Sahadeva on Attachment (mamatā), ‘mameti/na mameti’, and the Middle Path of Conduct
अविनाशोडस्य सत्त्वस्य नियतो यदि भारत | हत्वा शरीरं भूतानां न हिंसा प्रतिपत्स्यते,भरतनन्दन! यदि इस जीवात्माका अविनाशी होना निश्चित है, तब तो प्राणियोंके शरीरका वध करनेमात्रसे उनकी हिंसा नहीं हो सकेगी
avināśo ’sya sattvasya niyato yadi bhārata | hatvā śarīraṃ bhūtānāṃ na hiṃsā pratipatsyate ||
Sahadeva said: “O Bhārata, if it is indeed certain that this living self is imperishable, then merely by killing the bodies of beings, no real ‘injury’ would be incurred—since what truly is, cannot be destroyed.”
सहदेव उवाच
The verse frames a moral argument: if the true self (sattva/ātman) is certainly imperishable, then killing the body alone cannot constitute ultimate destruction of the person. It probes the relationship between metaphysical claims (indestructibility of the self) and ethical accountability (whether ‘hiṃsā’ is truly incurred).
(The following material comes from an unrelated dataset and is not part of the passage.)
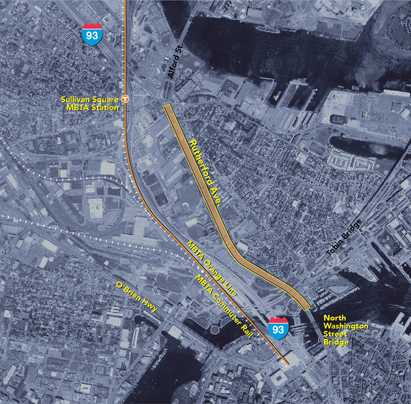 The Rutherford Avenue project seeks to transform the corridor’s highway-like design into a multimodal urban boulevard. The Rutherford Avenue corridor in the Charlestown neighborhood of Boston extends about 1.5 miles from the North Washington Street Bridge to the Sullivan Square MBTA Orange Line station and then to the Alford Street Bridge at the Mystic River. The existing corridor consists of eight to 10 lanes of median-divided highway that facilitate high-speed automobile travel. Although this roadway layout served high volumes of traffic during construction of the Central Artery/Tunnel project, it now acts as a barrier to the neighborhood. The existing roadway creates significant challenges and safety issues for pedestrians and bicyclists seeking to reach various destinations, including Bunker Hill Community College, Paul Revere Park, the Hood Business Park and Schrafft’s Center employment areas, and MBTA rapid transit stations.

In Śānti Parva’s reflective discourse on dharma after the war, Sahadeva presents a reasoning addressed to “Bhārata,” questioning how violence should be evaluated if the inner self cannot be destroyed—thus contributing to the broader debate on duty, sin, and the moral weight of killing.